She had lived a full, happy, hedonistic life as a modern girl on a
modern college campus. In Cedar Rapids all the usual versions of
sin can be found: smoking marijuana in a dorm room, envying her
friends' beauty or money, letting herself be taken to burlesque clubs
on the Coralville strip, drinking singapore slings and sniffing lines
of cocaine in a condominium swimming pool complex with a lonely older
man, a man too old for such folly, a man who feels he has nothing at
stake in his life; and among her girlfriends the pleasures of the dark
heart like malicious gossip or frankly revealing clothes or, for a
while, systematically hurting the feelings of a rich handsome selfish
Chicago boy. Everything. The whole world is right there in
Iowa, the same satisfactions of vanity. And of course, as
everywhere, the several possible sexual contortions. She'd been,
during a time of early discovery, the sensualist that commercial
culture urges girls to be -- or at least she'd tried her best to be --
though she couldn't help feeling secretly that, honestly, for women sex
wasn't the great mind-emptying solution it seemed to be for men.

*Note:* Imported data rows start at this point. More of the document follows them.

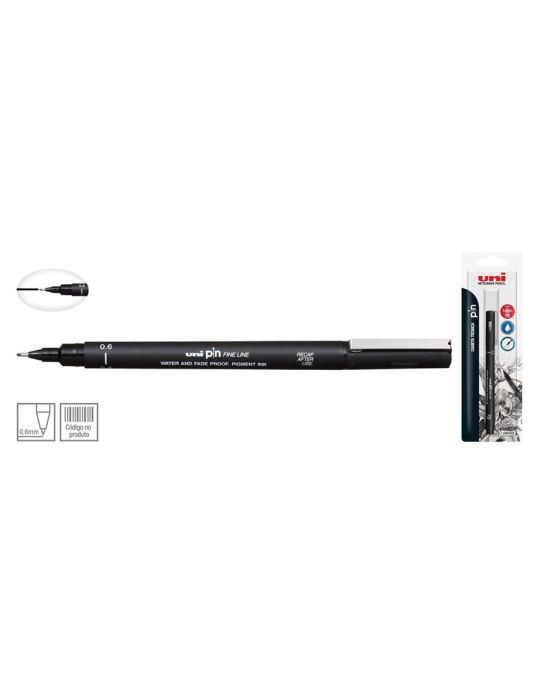 Caneta Tecnica Uni Pin Preta 0.6 Bls C/1 Tipo Nankin
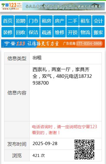 西崇礼,两室一厅,家具齐全,双气,480元电话18732938700
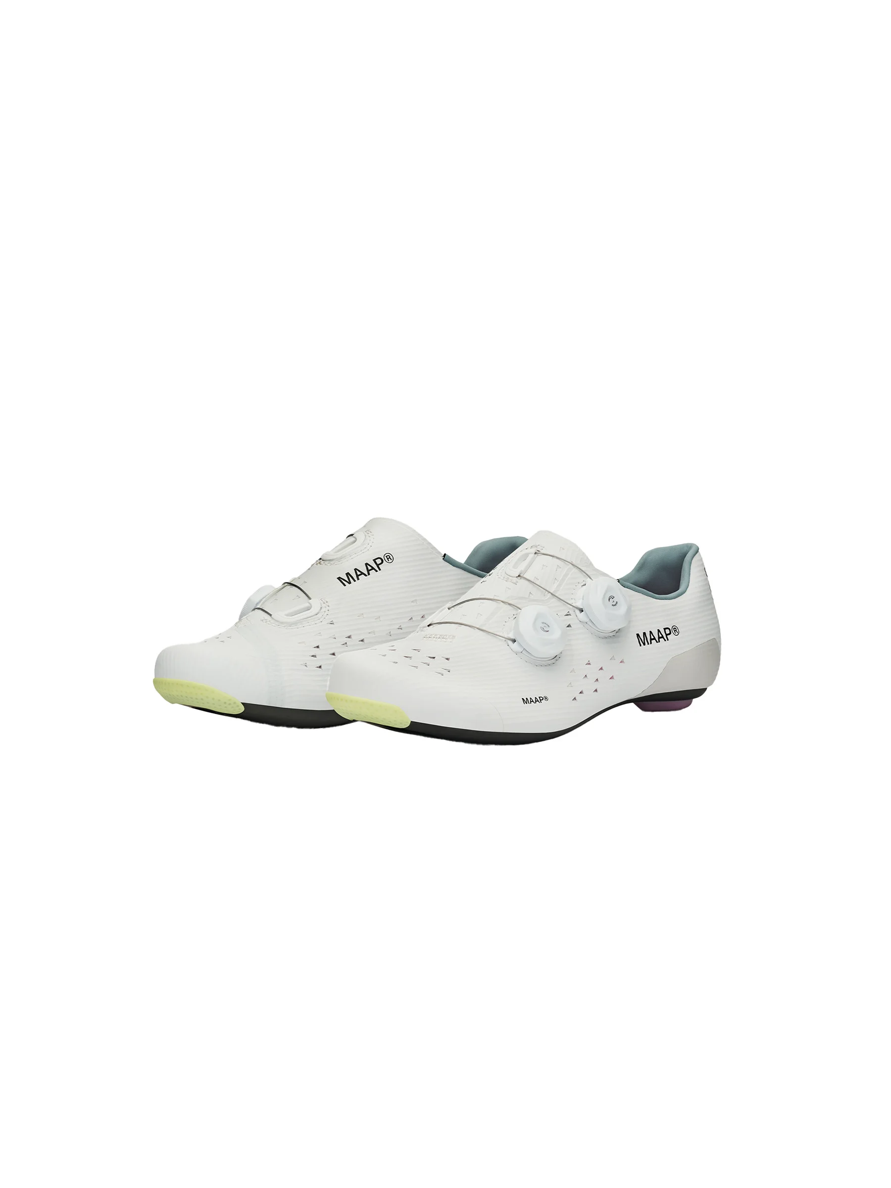The limited-edition MAAP x QUOC M3 Pro is a performance-driven, race-ready road shoe. Engineered carbon-fibre soles deliver stiffness for efficient power transfer, and parallel dual dials provide a secure precision fit. QUOC's advanced technologies meet MAAP's signature design elements and exclusive finishes. Features - The ultra-lightweight, multi-layered TPU upper is foot-moulding, providing optimised comfort and features a texturised pinstripe for increased stability and structure. - MAAP-exclusive triangular laser-cut perforations deliver optimal aeration and breathability. - QUOC Technology dual dials bring micro-adjustability and a precision fit, paired with the innovative tongueless wrap design for elevated comfort and natural foot flexion. - Delivering exceptional stiffness-to-weight ratio and optimised power transfer with no loss of effort through QUOC's race-grade unidirectional carbon outsole with laser-etched MAAP branding. - MAAP exclusive colourway rubberised heel and toe plates enhance protection and provide lasting performance. - Enhanced durability comes from a reinforced TPU toe guard and heel counters, which resist the scuffs and scratches that come with regular wear in racing and training. - Finished in exclusive MAAP colourways, QUOC’s race-grade insoles feature pressure-relieving, vibration-absorbing technology plus interchangeable arch supports for a custom fit. Specifications - Product Weight: 242g in EU 42 - Main Fabric Content: Upper: TPU laminated mesh, Sole: Handlaid, unidirectional carbon fibre - Riding Conditions: All Year - SKU: MAUFW250325_WHIT

In taking the Chastity vow, she’d felt the most difficult trial
would be, not to deprive herself of pleasure, but to deprive herself of
children. She had come from a good family. She had had a
warm, confiding relationship with her father, cut off by his too-early
immortality. Also, she loved men, men in general, she loved being
around maleness, which a number of nuns did not: a surprising number of
nuns had had terrible early experiences. Perhaps her own men
tended to be outside the norm, a bit thoughtful or impractical, or sad,
or sensitive, rather than the louder simpler, more aggressive type of
male norm, whose nature seems imbued with a mysterious essential wrath,
and whom she found herself steering clear of. They were
fine. They were for other women
Copyright (c) 2007 Louis B. Jones. All rights reserved.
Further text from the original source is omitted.